Lines from the one containing "Фотография минерала Борнит, Кальцит." through the last line of the records below need to be repeated exactly; nothing else, and no pictures.

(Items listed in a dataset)
• • • •

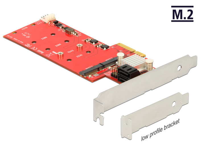 Ez a Delock PCI Express-kártya két M.2 aljzattal, valamint további kát SATA porttal bővíti ki a számítógépét. Lehetővé teszi, hogy két 22110, 2280, 2260, 2242, 2230 formátumú M.2 SATA-modult, valamint két SATA HDD-t vagy SSD-t csatlakoztasson a kártyához RAID módban.
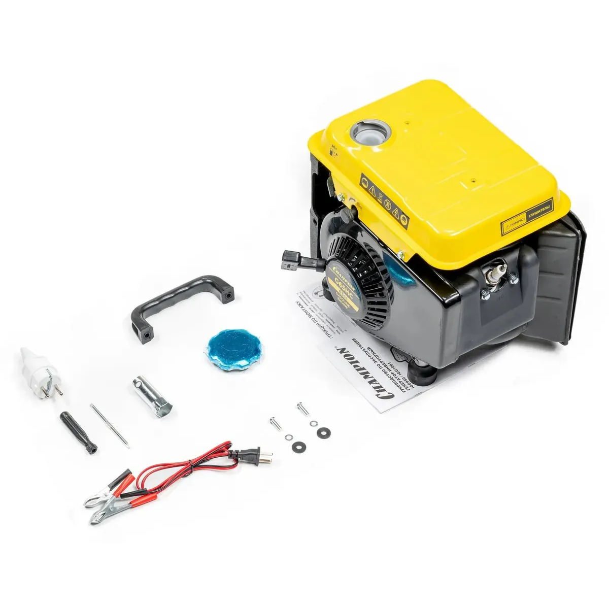 Генератор, крышка топливного бака, рукоятка траспортировочная с крепежом, отвертка, ключ свечной, вилка кабельная, кабель с зажимами для зарядки внешнего аккумулятора, руководство по эксплуатации.
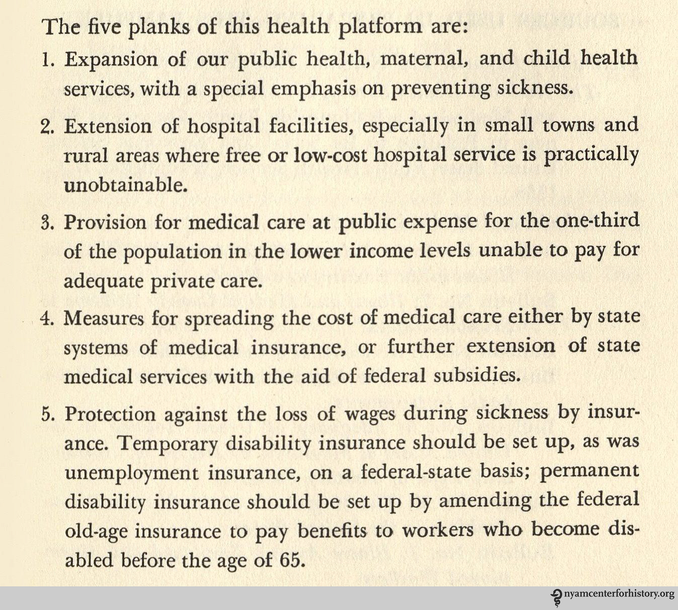 The conference laid out five recommendations from a commissioned report of the Technical Committee on Medical Care, entitled the Need for a National Health Program:
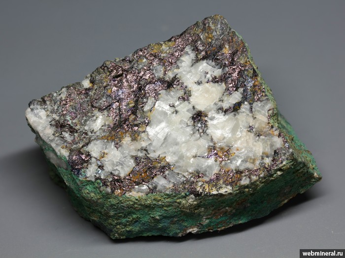 Фотография минерала Борнит, Кальцит. Юлия Медная (Cu) месторождение.
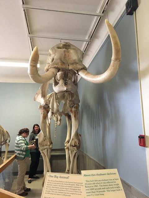 Ellie comparing J.A.M.E.S. to African Elephant skeleton at MSU
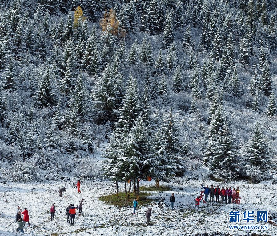 10月17日,在川藏線高爾寺山至理塘路段,部分游客在一個(gè)路邊觀景臺(tái)附近拍照留念。當(dāng)日,一場(chǎng)夜雪后,川藏線高爾寺山至理塘路段披上了一層銀裝。雪山、牦牛、云朵、松林,帶來了濃濃的雪域風(fēng)情。新華社記者王迪攝
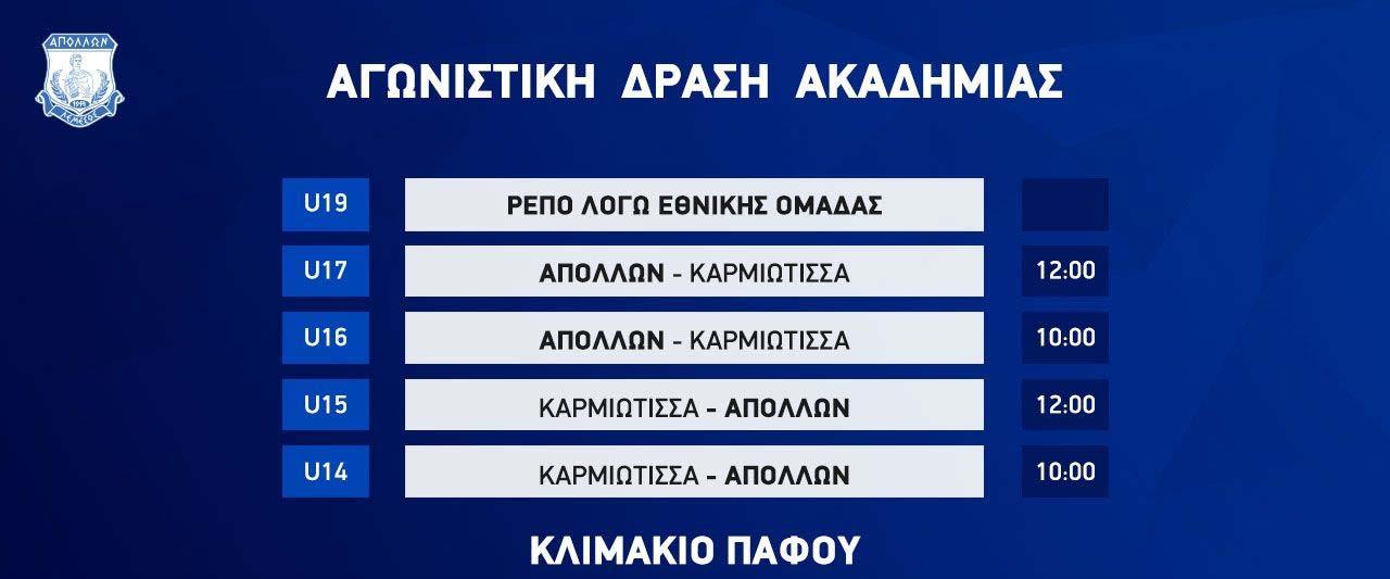 Οι ομάδες Παίδων Κ14 και Κ15 θα αγωνιστούν εκτός έδρας στο Κοινοτικό γήπεδο Πάνω Πολεμιδιών ενώ οι ομάδες Κ16 και Κ17 θα φιλοξενήσουν τις αντίστοιχες ομάδες της Καρμιώτισσας στο βοηθητικό γήπεδο του Τσιρείου.
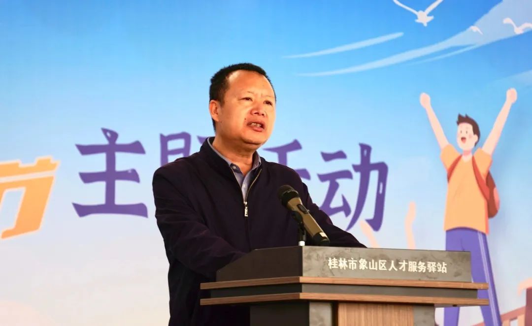 黄振宇在讲话中指出,此次活动为青年人才搭建平台、提供服务,是深化校企合作、共促大学生就业创业的实际举措,也是党建引领、群团聚力,助力桂林建设世界级旅游城市的具体行动。黄振宇强调,要坚持党建赋能,牢固树立“围绕企业发展抓党建”的理念,搭建校企融合发展平台。要始终坚持党建带群建,创新活动载体,打造校企合作名片,不断丰富“职来职往”模拟招聘活动内涵。要充分发挥人才、资源优势,大力开展“党旗领航+校企合作”活动,以优质服务促校企深度融合,凝聚起打造世界级旅游城市的强大力量。
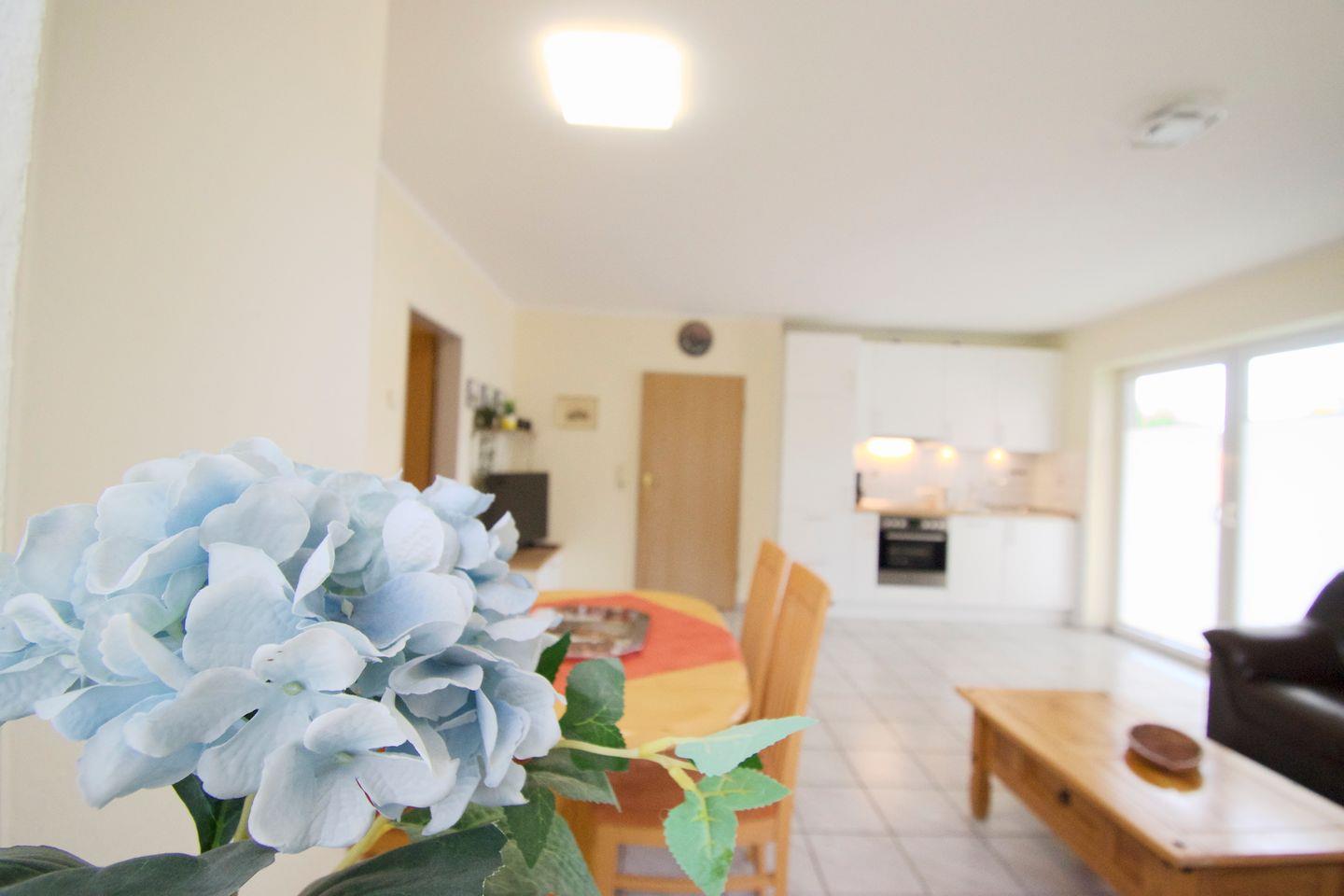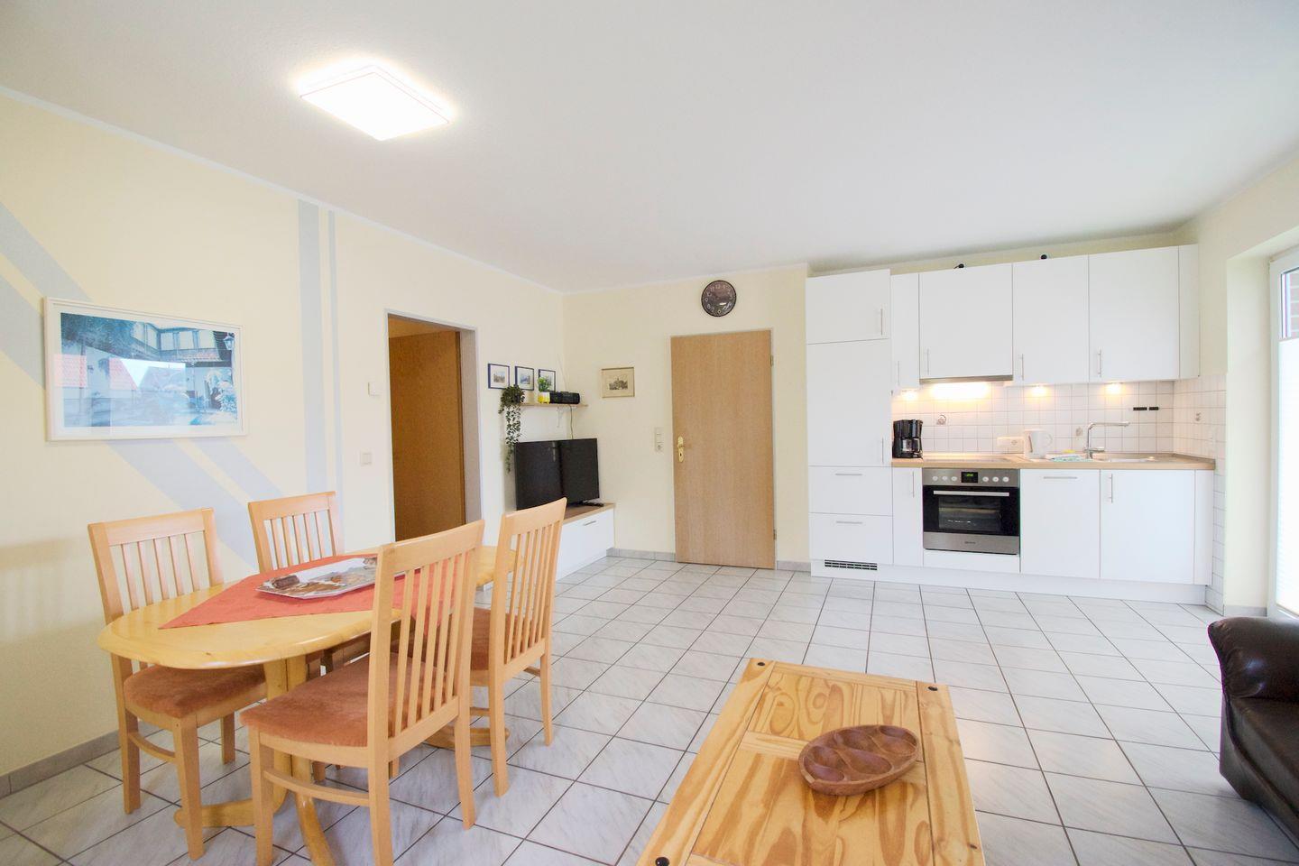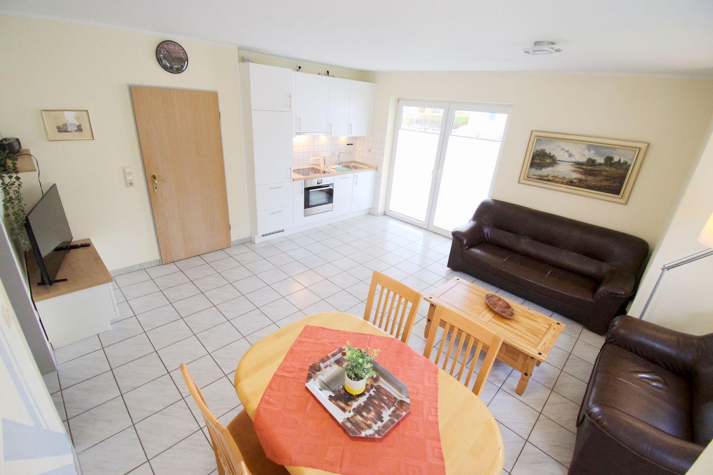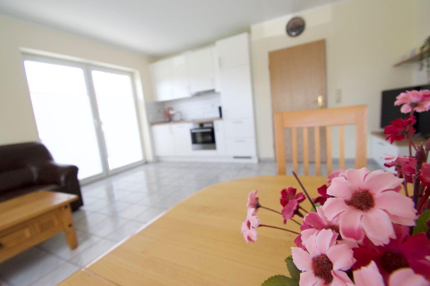 Sie wohnen in einer 55 m² großen, 3-Zimmer-Wohnung, mit 2 getrennten Schlafzimmern im Erdgeschoss. Küche und Bad verfügen jeweils über Tageslicht. Die gemütliche Wohn-Küche hat eine Küchenzeile mit großem Kühlschrank, Cerankochfeld, Backofen und Mikrowelle, und ist voll eingerichtet.
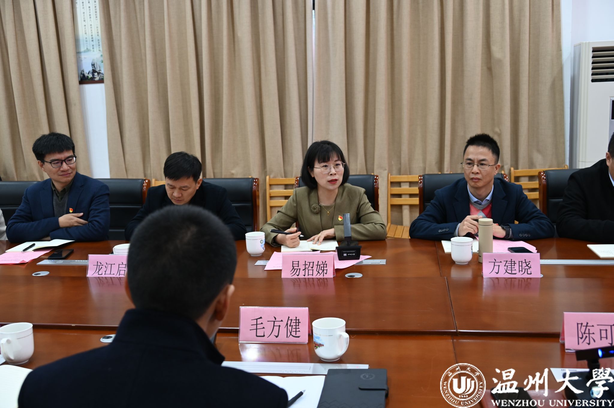 在交流环节,泰顺县人民政府办公室副主任毛方健、泰顺县职业教育中心党总支书记林盛祝分别对泰顺县和泰顺县职业教育中心的党建与专业建设情况做了讲解。开云体育 易招娣书记就泰顺县职业教育中心“3+2+2”办学、汽修专业申报建设、汽修实训中心建设等给出了指导性建议,并就师资、专业课程体系、培训实习等双方可能开展的合作方向进行了简要梳理。

• • • •

◆ **TASK OUTPUT**:
 Фотография минерала Борнит, Кальцит. Юлия Медная (Cu) месторождение.
 Ellie comparing J.A.M.E.S. to African Elephant skeleton at MSU
 10月17日,在川藏線高爾寺山至理塘路段,部分游客在一個(gè)路邊觀景臺(tái)附近拍照留念。當(dāng)日,一場(chǎng)夜雪后,川藏線高爾寺山至理塘路段披上了一層銀裝。雪山、牦牛、云朵、松林,帶來了濃濃的雪域風(fēng)情。新華社記者王迪攝
 Οι ομάδες Παίδων Κ14 και Κ15 θα αγωνιστούν εκτός έδρας στο Κοινοτικό γήπεδο Πάνω Πολεμιδιών ενώ οι ομάδες Κ16 και Κ17 θα φιλοξενήσουν τις αντίστοιχες ομάδες της Καρμιώτισσας στο βοηθητικό γήπεδο του Τσιρείου.
 黄振宇在讲话中指出,此次活动为青年人才搭建平台、提供服务,是深化校企合作、共促大学生就业创业的实际举措,也是党建引领、群团聚力,助力桂林建设世界级旅游城市的具体行动。黄振宇强调,要坚持党建赋能,牢固树立“围绕企业发展抓党建”的理念,搭建校企融合发展平台。要始终坚持党建带群建,创新活动载体,打造校企合作名片,不断丰富“职来职往”模拟招聘活动内涵。要充分发挥人才、资源优势,大力开展“党旗领航+校企合作”活动,以优质服务促校企深度融合,凝聚起打造世界级旅游城市的强大力量。
 Sie wohnen in einer 55 m² großen, 3-Zimmer-Wohnung, mit 2 getrennten Schlafzimmern im Erdgeschoss. Küche und Bad verfügen jeweils über Tageslicht. Die gemütliche Wohn-Küche hat eine Küchenzeile mit großem Kühlschrank, Cerankochfeld, Backofen und Mikrowelle, und ist voll eingerichtet.
 在交流环节,泰顺县人民政府办公室副主任毛方健、泰顺县职业教育中心党总支书记林盛祝分别对泰顺县和泰顺县职业教育中心的党建与专业建设情况做了讲解。开云体育 易招娣书记就泰顺县职业教育中心“3+2+2”办学、汽修专业申报建设、汽修实训中心建设等给出了指导性建议,并就师资、专业课程体系、培训实习等双方可能开展的合作方向进行了简要梳理。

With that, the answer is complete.